Summary: [BUG] Errata Management action/tasks hang
Product: Red Hat Satellite Reporter: Imaan <ikaur>
Component: Errata ManagementAssignee: satellite6-bugs <satellite6-bugs>
Status: CLOSED NOTABUG QA Contact: Perry Gagne <pgagne>
Severity: unspecified Docs Contact:
Priority: unspecified    
Version: 6.6.0CC: bbuckingham, bkearney, mmccune
Target Milestone: Unspecified   
Target Release: Unused   
Hardware: Unspecified   
OS: Unspecified   
Whiteboard:
Fixed In Version: Doc Type: If docs needed, set a value
Doc Text:
Story Points: ---
Clone Of: Environment:
Last Closed: 2019-09-28 16:12:07 UTC Type: Bug
Regression: --- Mount Type: ---
Documentation: --- CRM:
Verified Versions: Category: ---
oVirt Team: --- RHEL 7.3 requirements from Atomic Host:
Cloudforms Team: --- Target Upstream Version:
Embargoed:

Description Imaan 2019-07-24 08:46:42 UTC
Description of problem:

While patching the system using Katello Agent, errata management
tasks/actions hang for more than 14 hours (then we cancelled them).
It was cause by qpidd/qdrouterd on a satellite server not having
capacity for all the clients we have (we need to increase max open files
and fs.aio-max-nr), but this bug is about that infinite hang of a task.

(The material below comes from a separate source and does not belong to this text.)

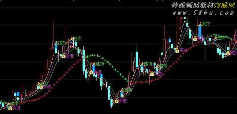 O1:(SUM(EMA((CLOSE+LOW)/2,1)/3,3)),COLOR00FFFF,LINETHICK1;O2:EMA(O1,3),COLORFF00FF,LINETHICK1;O3:EMA(O2,3),COLOR00FF00,LINETHICK1;MMM:=MA(CLOSE,20);DRAWTEXT((CLOSE<MMM),MMM,'*'),COLOR00FF00,LINETHICK5;DRAWTEXT((CLOSE>MMM),MMM,'*'),COLOR0000FF,LINETHICK5;VAR1:=CLOSE>REF(CLOSE,1) AND CLOSE>REF(CLOSE,2);VAR2:=REF(VAR1,1) AND CLOSE<=REF(CLOSE,1) AND CLOSE>=REF(CLOSE,2);VAR3:=REF(VAR2,1) AND CLOSE>=REF(CLOSE,1) AND CLOSE<=REF(CLOSE,2);VAR4:=REF(VAR3,1) AND CLOSE<=REF(CLOSE,1) AND CLOSE>=REF(CLOSE,2);VAR5:=REF(VAR4,1) AND CLOSE>=REF(CLOSE,1) AND CLOSE<=REF(CLOSE,2);VAR6:=REF(VAR5,1) AND CLOSE<=REF(CLOSE,1) AND CLOSE>=REF(CLOSE,2);VAR7:=REF(VAR6,1) AND CLOSE>=REF(CLOSE,1) AND CLOSE<=REF(CLOSE,2);VAR8:=REF(VAR7,1) AND CLOSE<=REF(CLOSE,1) AND CLOSE>=REF(CLOSE,2);VAR9:=REF(VAR8,1) AND CLOSE>=REF(CLOSE,1) AND CLOSE<=REF(CLOSE,2);VARA:=REF(VAR9,1) AND CLOSE<=REF(CLOSE,1) AND CLOSE>=REF(CLOSE,2);VARB:=REF(VARA,1) AND CLOSE>=REF(CLOSE,1) AND CLOSE<=REF(CLOSE,2);VARC:=REF(VARB,1) AND CLOSE<=REF(CLOSE,1) AND CLOSE>=REF(CLOSE,2);VARD:=CLOSE<REF(CLOSE,1) AND CLOSE<REF(CLOSE,2);VARE:=REF(VARD,1) AND CLOSE>=REF(CLOSE,1) AND CLOSE<=REF(CLOSE,2);VARF:=REF(VARE,1) AND CLOSE<=REF(CLOSE,1) AND CLOSE>=REF(CLOSE,2);VAR10:=REF(VARF,1) AND CLOSE>=REF(CLOSE,1) AND CLOSE<=REF(CLOSE,2);VAR11:=REF(VAR10,1) AND CLOSE<=REF(CLOSE,1) AND CLOSE>=REF(CLOSE,2);VAR12:=REF(VAR11,1) AND CLOSE>=REF(CLOSE,1) AND CLOSE<=REF(CLOSE,2);VAR13:=REF(VAR12,1) AND CLOSE<=REF(CLOSE,1) AND CLOSE>=REF(CLOSE,2);VAR14:=REF(VAR13,1) AND CLOSE>=REF(CLOSE,1) AND CLOSE<=REF(CLOSE,2);VAR15:=REF(VAR14,1) AND CLOSE<=REF(CLOSE,1) AND CLOSE>=REF(CLOSE,2);VAR16:=REF(VAR15,1) AND CLOSE>=REF(CLOSE,1) AND CLOSE<=REF(CLOSE,2);VAR17:=REF(VAR16,1) AND CLOSE<=REF(CLOSE,1) AND CLOSE>=REF(CLOSE,2);VAR18:=REF(VAR17,1) AND CLOSE>=REF(CLOSE,1) AND CLOSE<=REF(CLOSE,2);VAR19:=REF(VARD OR VARE OR VARF OR VAR10 OR VAR11 OR VAR12 OR VAR13 ORVAR14 OR VAR15 OR VAR16 OR VAR17 OR VAR18,1) AND VAR1;VAR1A:=REF(VAR1 OR VAR2 OR VAR3 OR VAR4 OR VAR5 OR VAR6 OR VAR7 ORVAR8 OR VAR9 OR VARA OR VARB OR VARC,1) AND VARD;STICKLINE(VAR1A,REF(CLOSE,1),REF(CLOSE,2),3.2,0),COLORFF3300;STICKLINE(VAR1A,REF(CLOSE,1),REF(CLOSE,2),2.7,0),COLORFF5500;STICKLINE(VAR1A,REF(CLOSE,1),REF(CLOSE,2),2.1,0),COLORFF7700;STICKLINE(VAR1A,REF(CLOSE,1),REF(CLOSE,2),1.5,0),COLORFF9900;STICKLINE(VAR1A,REF(CLOSE,1),REF(CLOSE,2),0.9,0),COLORFFBB00;STICKLINE(VAR1A,REF(CLOSE,1),REF(CLOSE,2),0.3,0),COLORFFDD00;DRAWTEXT(FILTER(VAR19=1,5),LOW,' 买进'),COLORFF00FF;DRAWICON(FILTER(VAR19=1,5),LOW,9);DRAWTEXT(FILTER(VAR1A=1,5),HIGH,' 逃顶'),COLOR00FF00;DRAWICON(FILTER(VAR1A=1,5),HIGH,15);  |

Version-Release number of selected component (if applicable):

Red Hat Satellite (build: 6.6.0 Beta)
Version 6.6 © 2019 Red Hat Inc.

How reproducible: Always

Steps to Reproduce:
 
1. Login to Satellite operational Portal

2. Navigate to Hosts -> Content Hosts -> Select multiple hosts -> Click on Select Action -> Manage Errata -> Select all the errata avaiable -> Click on Install Selected -> via katello agent -> Done

3. In order to check the status of the task, go to Monitor -> Tasks -> here you will see one task named as "Bulk action" which is showing pending.

Actual results: The task is stuck and it started at 14 hours ago (we tried with group of 10 hosts and about 1/2 failed, remaining hanged).

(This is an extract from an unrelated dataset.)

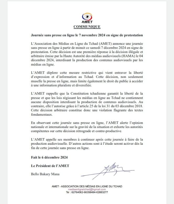 أعلنت جمعية وسائل الإعلام الإلكترونية في تشاد (AMET) تنظيم يوم احتجاجي تحت شعار "يوم بلا صحافة إلكترونية" وذلك اليوم السبت، 7 ديسمبر 2024، بدءًا من منتصف الليل.
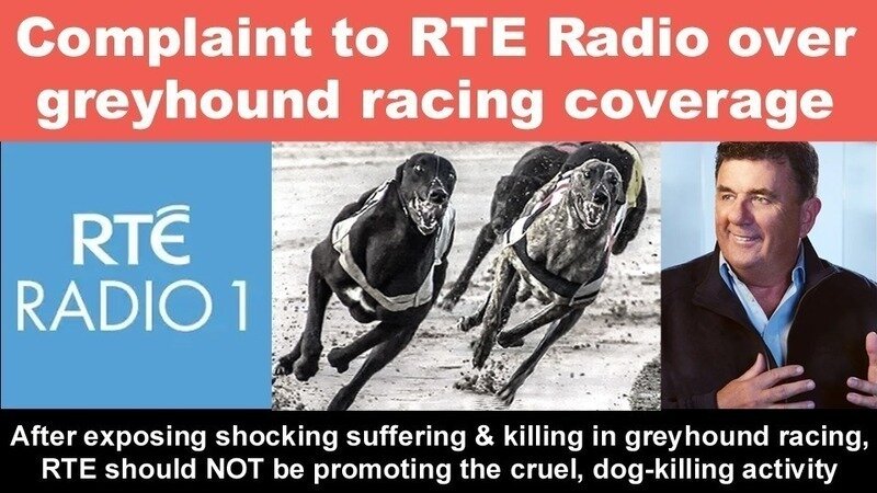 The Irish Council Against Blood Sports has lodged a complaint with RTE Radio 1 over coverage shamefully given to greyhound racing on the Sunday Sport show last month.

Expected results: The bulk action should not be stuck. It should be a success or a failure.

Additional info: Katello Agent is installed on all the hosts.

Comment 7 Bryan Kearney 2019-09-05 15:33:46 UTC
clearing the needinfo as no request was made.

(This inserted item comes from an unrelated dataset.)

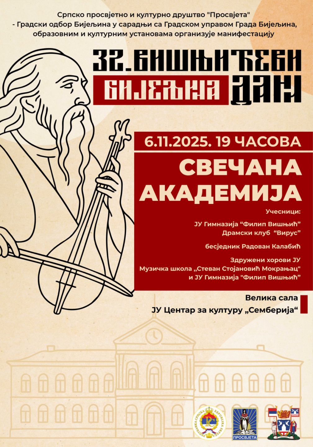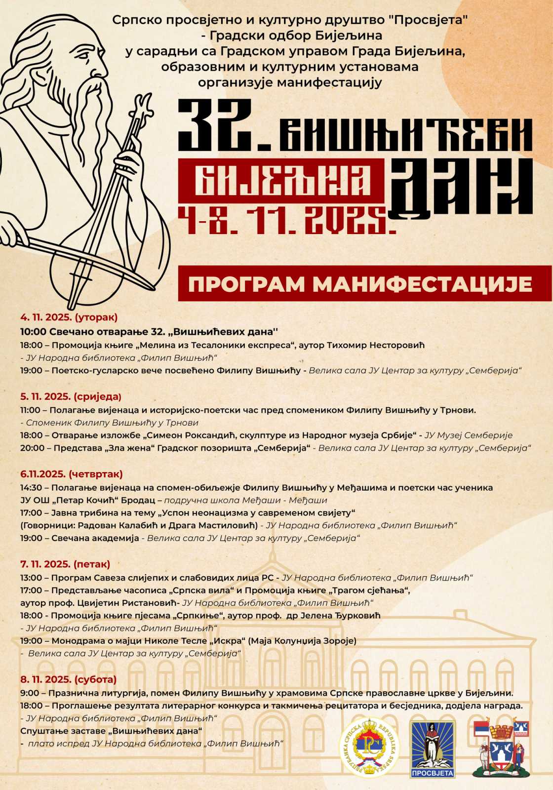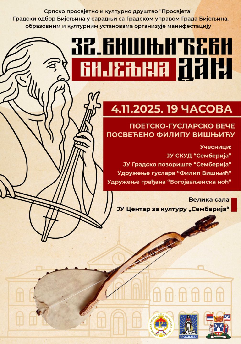 U znak sjećanja na lik i djelo velikog srpskog pisca i guslara Filipa Višnjića, manifestaciju organizuje Srpsko prosvjetno i kulturno društvo „Prosvjeta“ – Gradski odbor Bijeljina, u saradnji sa Gradskom upravom Grada Bijeljina i kulturnim ustanovama. TEKST SE NASTAVLJA NAKON VIDEO OGLASA
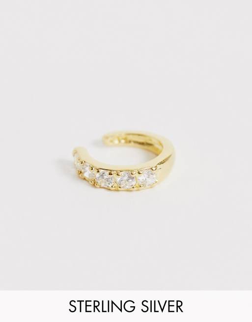 Asos Design Bague D Oreille En Argent Massif Plaque Or Avec Cristaux

Comment 8 Mike McCune 2019-09-28 16:12:07 UTC
We definitely have a '500' connected agents limit in 6.6 with default settings. I configured ~700 agent containers to connect to a Satellite 6.6 server and it maxes out at 500:


# qpid-stat -q --ssl-certificate=/etc/pki/pulp/qpid/client.crt -b amqps://localhost:5671 |grep pulp.agent | wc -l
503

# docker ps | wc -l
700

new connection attempts result in:

Sep 28 11:37:13 ci-vm-10-0-150-175.hosted.upshift.rdu2.redhat.com goferd[13653]: [ERROR][worker-0] gofer.messaging.adapter.connect:33 - connect: proton+amqps://sat-r220-09.lab.eng.rdu2.redhat.com:5647, failed: Connection amqps://sat-r220-09.lab.eng.rdu2.redhat.com:5647 disconnected: Condition('amqp:resource-limit-exceeded', 'local-idle-timeout expired')

the fix is to add these 2 configurations to /etc/foreman-installer/custom-hiera.yaml

qpid::open_file_limit: 65536
qpid::router::open_file_limit: 150100

run 'satellite-installer' and restart. Once applied, clients are able to connect:

Sep 28 11:58:18 ci-vm-10-0-150-175.hosted.upshift.rdu2.redhat.com goferd[13653]: [INFO][pulp.agent.70dc6424-48d7-43bf-92a0-f465df9eea89] gofer.messaging.adapter.connect:30 - connected: proton+amqps://sat-r220-09.lab.eng.rdu2.redhat.com:5647

This is covered in the 6.5 and 6.6 Tuning Guide:

https://access.redhat.com/solutions/4224211

as well as the Tuning Profiles documented:

https://github.com/RedHatSatellite/satellite-support/tree/master/tuning-profiles

Going to close this out as NOTABUG as it is documented in our tuning guides

Comment 9 Mike McCune 2019-09-28 16:12:49 UTC
note, fs.aio-max-nr is not required tuning for 500 gofer/katello-agent clients, just the open_file_limit.